Автоматизация SSL сертификатов для Selectel Object Storage (S3) — делюсь готовым решением
Привет всем!
Хочу поделиться скриптом, который написал для автоматизации SSL сертификатов на Selectel Object Storage. Может, кому-то пригодится — сам пользуюсь уже несколько месяцев без проблем.
Как всё началось
У меня хранилище форума расположено на S3 у Selectel. Но чтобы все работало - нужно для домена привязанного в S3 выпускать сертификат (домен должен быть привязан к серверу на котором работает форум)
Надоело каждый раз лазить в панель и вручную перезагружать сертификаты. Решил автоматизировать — пусть скрипт раз в месяц сам обновляет всё через Let’s Encrypt.
Что получилось
Скрипт умеет:
Автоматически обновлять сертификаты через acme.sh и Let’s Encrypt
Загружать их в Selectel через API (удаляя существующий там)
Проверять валидность сертификатов и ключей
Слать уведомления в Telegram когда что-то пошло не так (или наоборот, всё хорошо)
Обрабатывать rate limiting от Let’s Encrypt корректно (он проверяет сколько дней осталось и когда выпущен текущий.

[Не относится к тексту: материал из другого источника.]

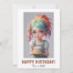 Convite *PHOTO NAME Birthday Girl Cake Red Blue Hair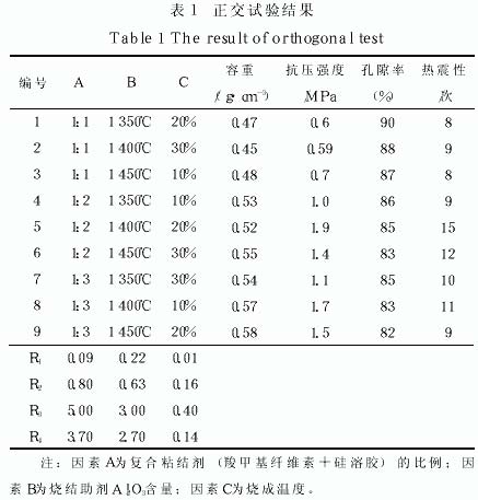 為了確定復(fù)合粘結(jié)劑的比例、燒結(jié)助劑的加入量、燒成溫度及獲得良好的漿料性能, 本次試驗采用的原材料是: 純度大于95%的SIC微粉 (320目)作為基料,純度大于97%的工業(yè)α-AI2O3細(xì)粉 (320目) 作為燒結(jié)助劑, SIO2濃度為50%的硅溶膠和CMC作為復(fù)合粘結(jié)劑。采用有機(jī)泡沫浸漬法制備出碳化硅質(zhì)泡沫陶瓷過濾器,其燒結(jié)過程由烘干、揮發(fā)、高溫焙燒等組成。I(9 33)正交試驗的三因素分別為復(fù)合粘結(jié)劑 (羧甲基纖維素+硅溶膠) 的比例 (質(zhì)量比) 、燒結(jié)助劑AI2O3含量 (質(zhì)量分?jǐn)?shù), 下同) 及燒成溫度 (℃) 。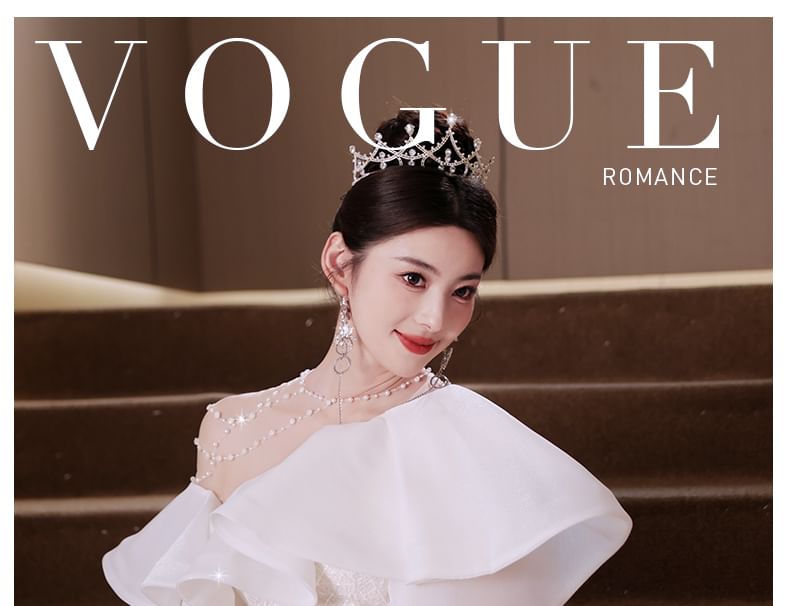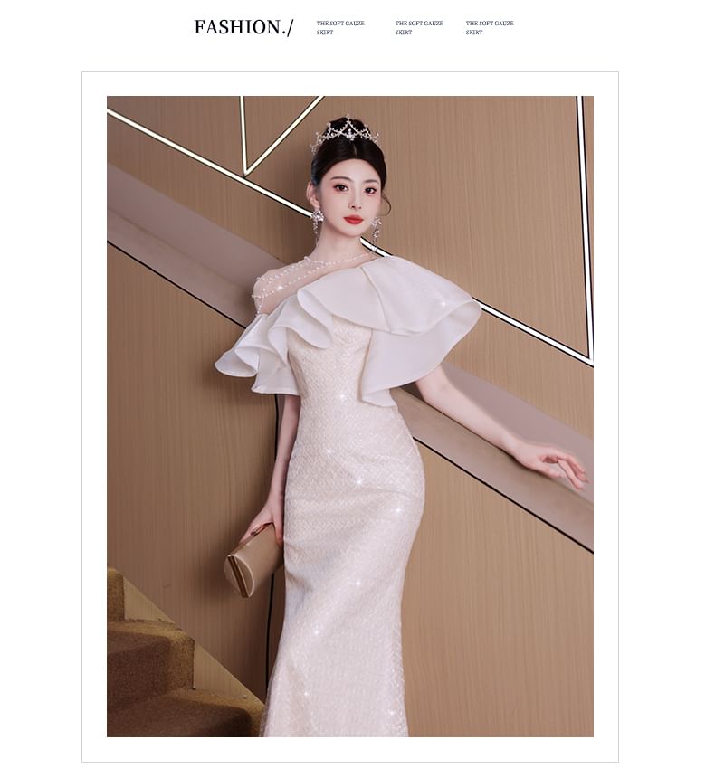 Short-Sleeve Ruffle Trim Beaded Sequin Mermaid Evening Gown

Восстанавливаться из бэкапов если основные файлы acme.sh повредились
Ключевые фишки
Умная обработка ошибок
Если Let’s Encrypt выдаёт rate limit (а они дают только 5 сертификатов в неделю на набор доменов), скрипт не падает, а использует существующие валидные сертификаты. Сайт остаётся онлайн.
Автопоиск валидных пар
Иногда acme.sh создаёт новые сертификаты, но файлы обновляются не все. Скрипт сам найдёт подходящие пары сертификат+ключ в директории acme.sh.
Динамические пути
Указываешь только основной домен в конфиге — все пути к файлам генерируются автоматически. Удобно для разных доменов.
Настройка
Всё настраивается через .env файл:
# Данные от Selectel
SELECTEL_USERNAME=your_username
SELECTEL_PASSWORD=your_password
SELECTEL_ACCOUNT_ID=123456
SELECTEL_PROJECT_ID=your-project-id
SELECTEL_CONTAINER_NAME=your-container
# Домены
DOMAIN=yourdomain.com
# WILDCARD_DOMAIN=*.yourdomain.com # опционально
# Telegram уведомления
TELEGRAM_BOT_TOKEN=your_bot_token
TELEGRAM_CHAT_ID=your_chat_id
Wildcard домен можно вообще не указывать — тогда будет только основной домен.
Что нужно для работы
-
Python 3.6+
-
Установленный и настроенный acme.sh
-
Доступ к API Selectel (нужен service account)
-
Telegram бот (опционально, но рекомендую)
Как использую
Поставил в cron на первое число каждого месяца:
0 3 1 * * /path/to/ssl_renewal.py
Скрипт сам проверяет, нужно ли обновление, обновляет сертификаты, загружает в Selectel и шлёт уведомление в Telegram. Забыл про эту проблему.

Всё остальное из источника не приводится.